As before, the revised tool provides a focused review of seven critical elements that are associated with the transmission of COVID-19:
- standard and transmission-based precautions
- resident care
- infection prevention and control program
- education monitoring
- screening of staff, visitor entry, and emergency preparedness
and now there are two new critical elements:
- reporting to residents, representatives and families
- reporting to the CDC
As they did in their previous presentation, Cooley and Harper reiterated the importance of pre-survey planning, such as coordinating with CMS and local and/or state health authorities in the case of an active COVID-19 case. In that instance, the survey team may be asked to wait before their visit. And as before, the visit will likely be a mix of on- and off-site surveyors.
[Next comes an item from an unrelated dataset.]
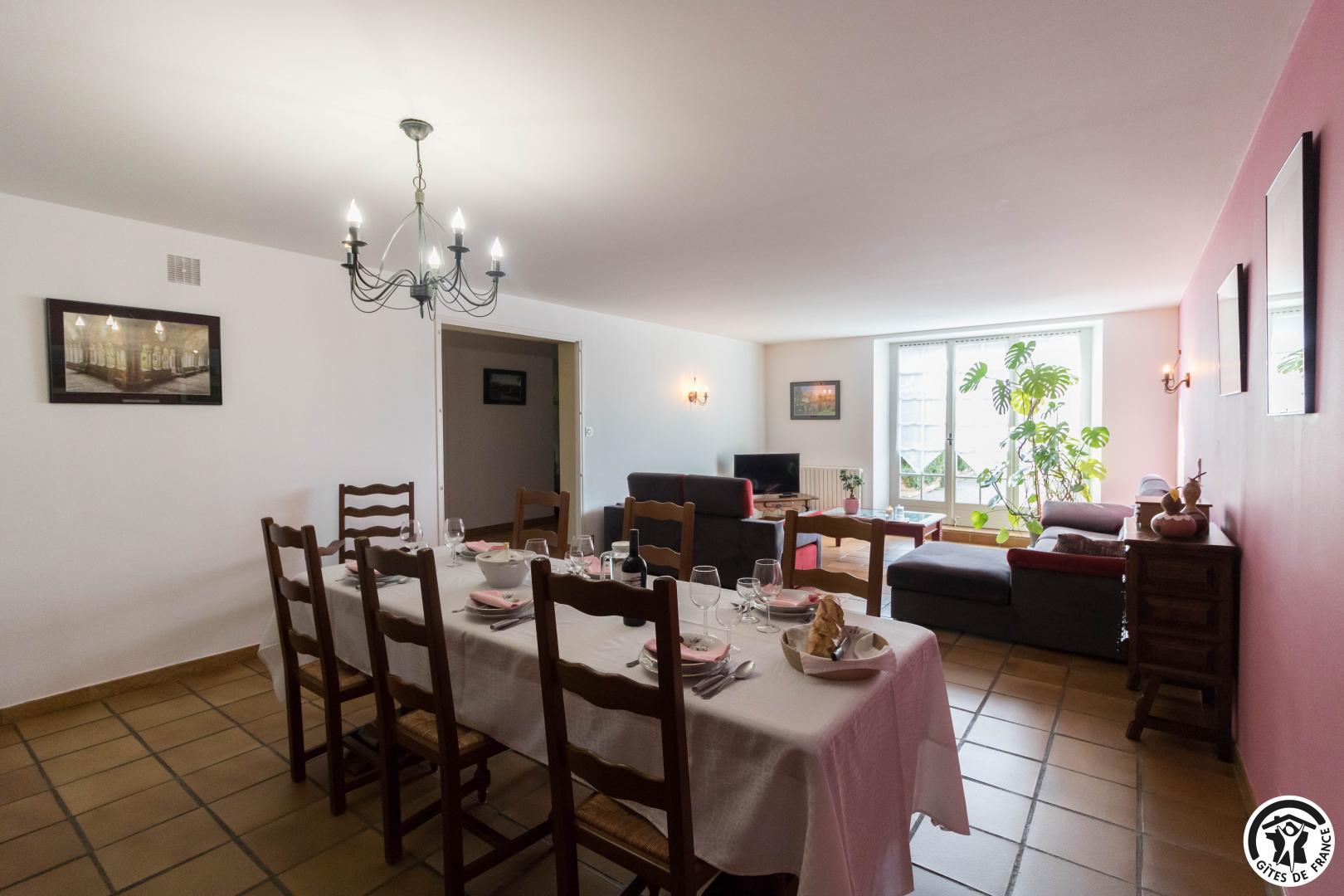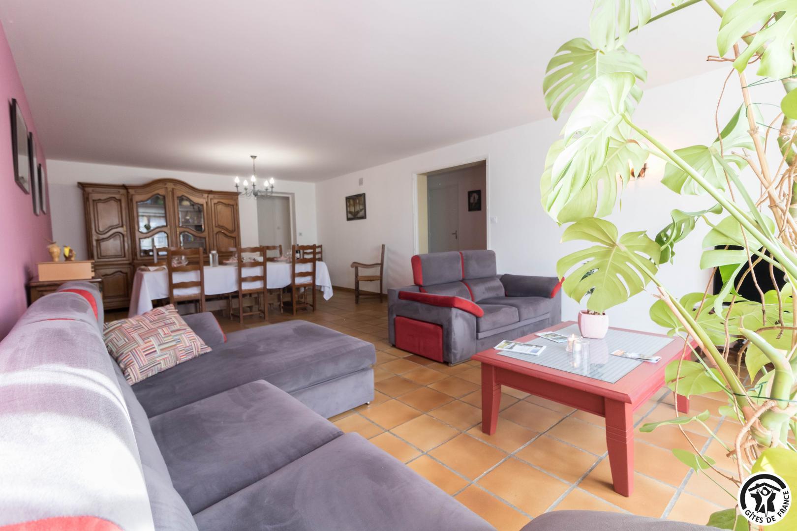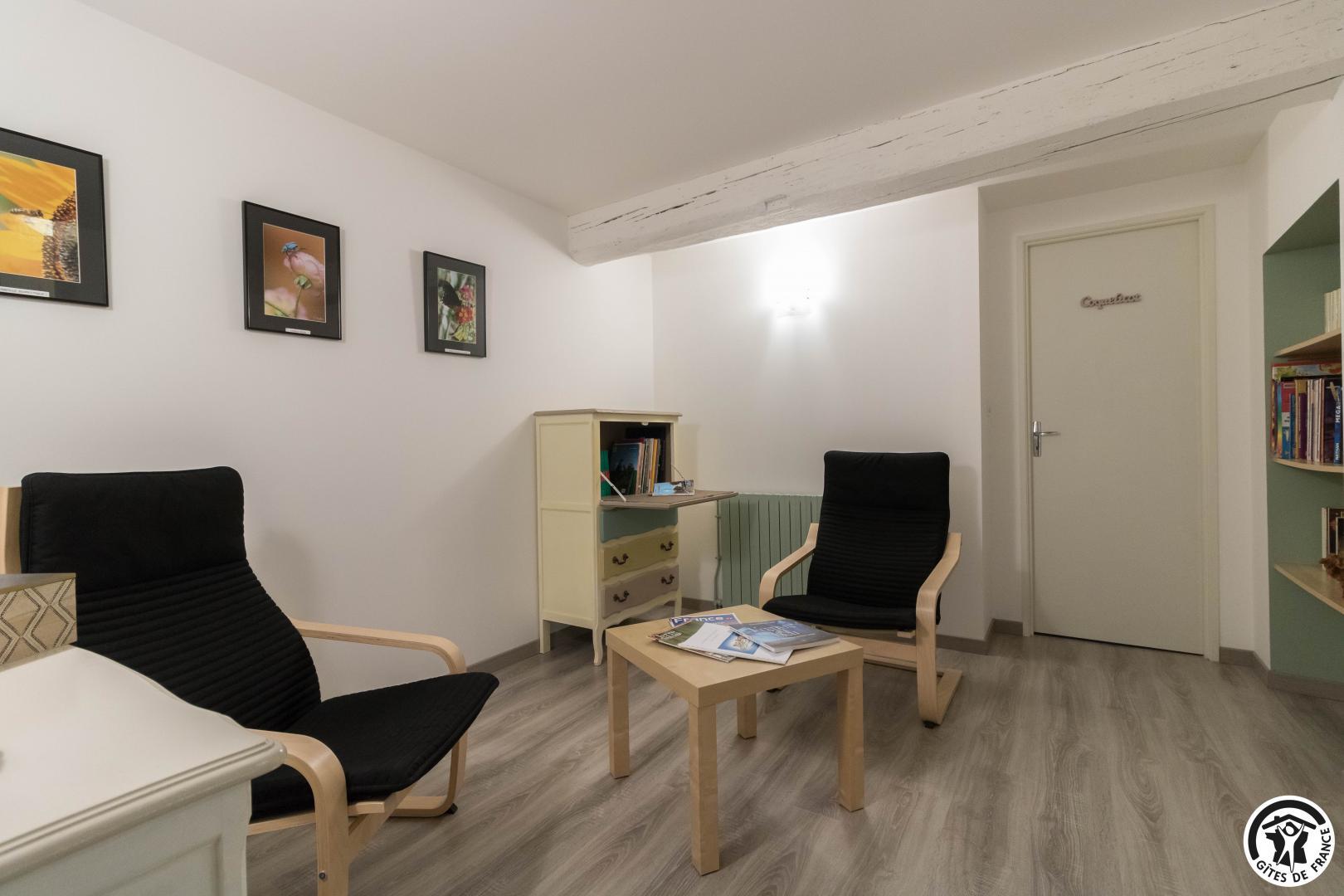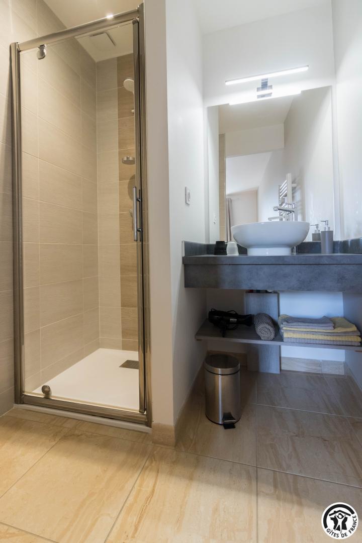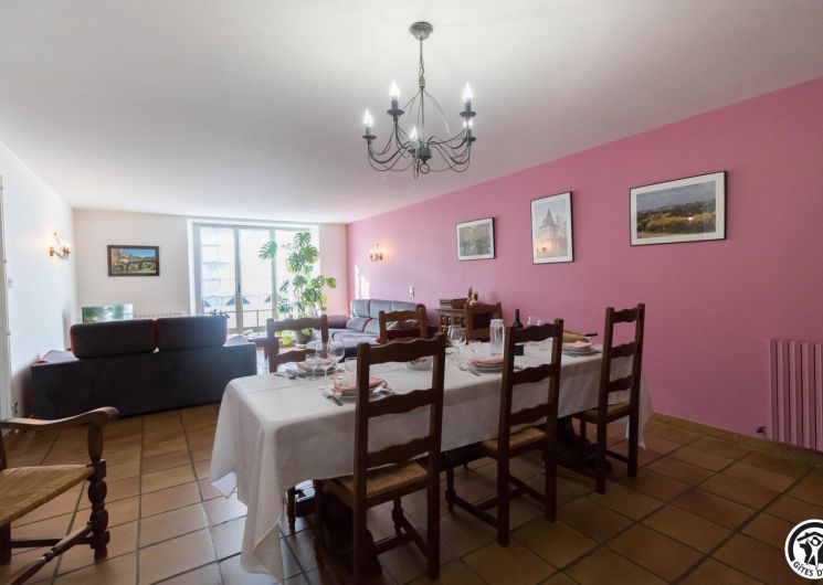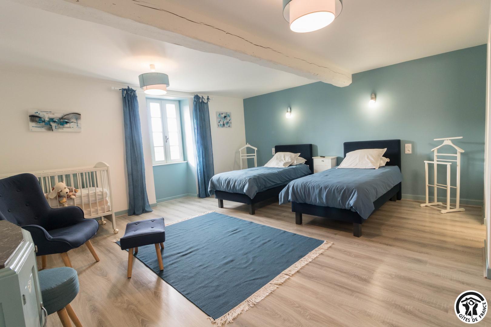 Ground floor: entrance hall, large living room with dining area and sitting room, kitchen, children’s playroom and separate toilet. First floor: 4 bedrooms, each with private shower room and WC (1 double bed (160cm) (1 double bed (140cm) (1 double bed (160cm) and 2 twin beds (80cm) (2 twin beds (80cm) (1 person)), lounge with library. Access to laundry room with washing machine and tumble dryer. Natural swimming pool and garden shared with the owners. Private courtyard, terrace and garden (garden furniture, deckchairs and barbecue). Electric vehicle charging point. Private courtyard, terrace and garden (garden furniture, deckchairs and barbecue). Garage with space for one car and possibility of parking in front of the gîte. Table tennis, table football and gym equipment.

“This is going to vary,” Cooley says. “We're hearing how surveys are being conducted is varying based on some of them being completely 100 percent offsite, while some are going to have that offsite-onsite component, the onsite component being anything from one to two surveyors for one to two days, or one surveyor for as little as 30 minutes a day for multiple days in a row. This is going to vary and it's going to vary based on what's going on in your facility and what's going on in your state.”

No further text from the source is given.